• **Supplied data**:
────────────────────
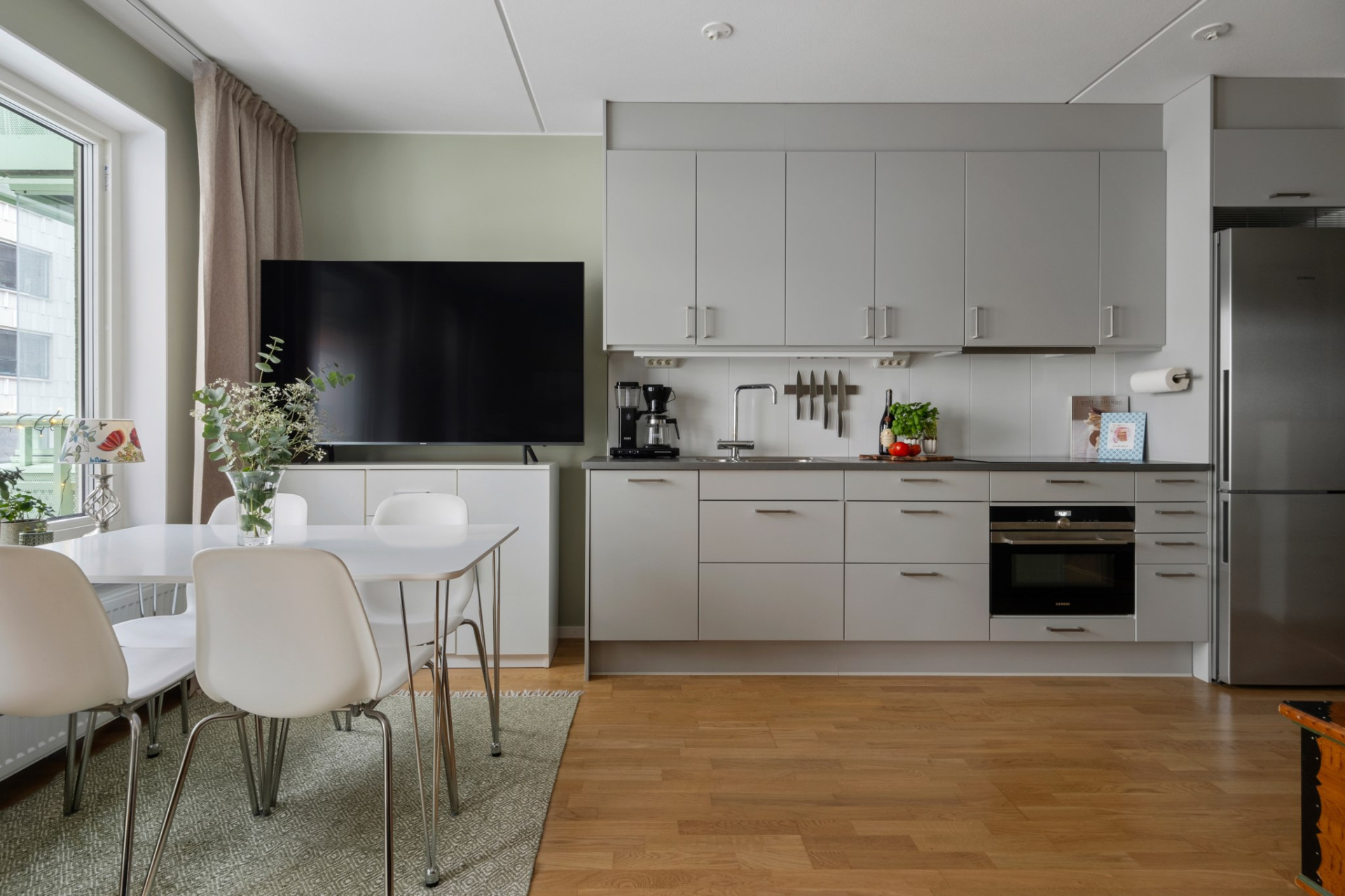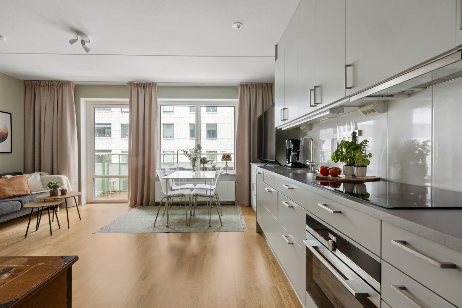 Här möts du av en ovanligt välplanerad lägenhet där varje kvadratmeter är genomtänkt. Det stora köket bjuder in till matlagning och umgänge, allrummet är ljust och luftigt tack vare generösa fönsterpartier och det helkaklade badrummet ger en känsla av vardagslyx. Lägenheten har en stilren och modern känsla som gör det enkelt att inreda efter smak och behov.
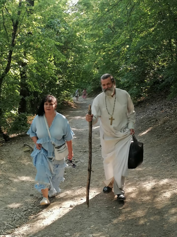 Счастливые посветлевшие лица паломников, ласковые монастырские коты, гроздья созревшей бузины, солнечные лучи, пробивающиеся сквозь густые кроны деревьев... О. Сергий позвонил в колокола, и все отправились в обратный путь. Под гору уже легко и весело!
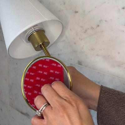 - Attach Lamp: Remove the backing from the 3M adhesive on the lamp and press firmly against the wall. Hold for 30 seconds to secure. For added stability, you can also use screws to mount the lamp.
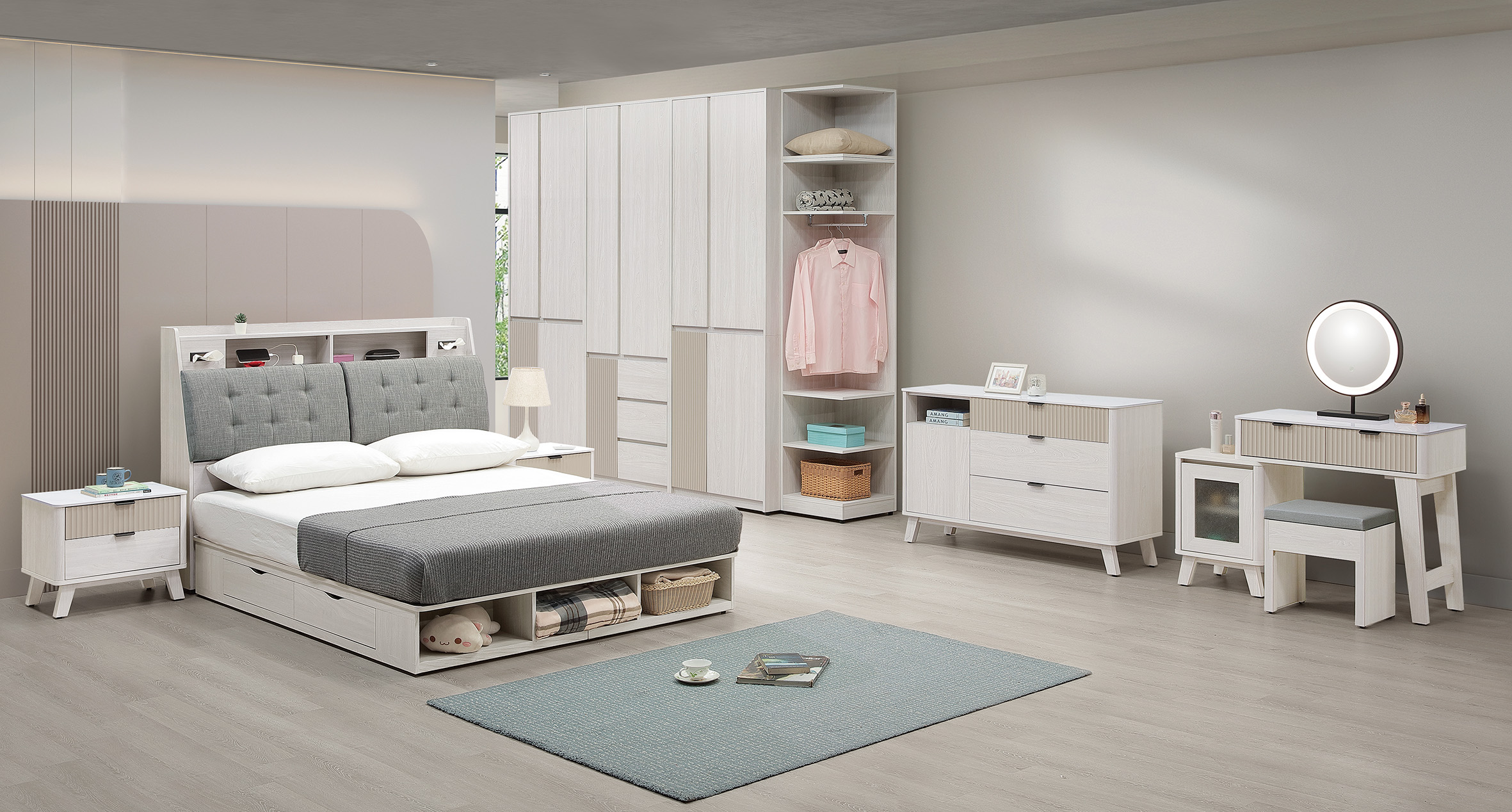 ◆櫃體與抽牆採用台灣製造A級環保木心板,採專利技術同調木紋鋼刷壓紋,猶如實木質感
────────────────────
• **Requirement**:
Copy the whole listing exactly, excluding the pictures in it.

• **Solution for this task**:
 Här möts du av en ovanligt välplanerad lägenhet där varje kvadratmeter är genomtänkt. Det stora köket bjuder in till matlagning och umgänge, allrummet är ljust och luftigt tack vare generösa fönsterpartier och det helkaklade badrummet ger en känsla av vardagslyx. Lägenheten har en stilren och modern känsla som gör det enkelt att inreda efter smak och behov.
 Счастливые посветлевшие лица паломников, ласковые монастырские коты, гроздья созревшей бузины, солнечные лучи, пробивающиеся сквозь густые кроны деревьев... О. Сергий позвонил в колокола, и все отправились в обратный путь. Под гору уже легко и весело!
 - Attach Lamp: Remove the backing from the 3M adhesive on the lamp and press firmly against the wall. Hold for 30 seconds to secure. For added stability, you can also use screws to mount the lamp.
 ◆櫃體與抽牆採用台灣製造A級環保木心板,採專利技術同調木紋鋼刷壓紋,猶如實木質感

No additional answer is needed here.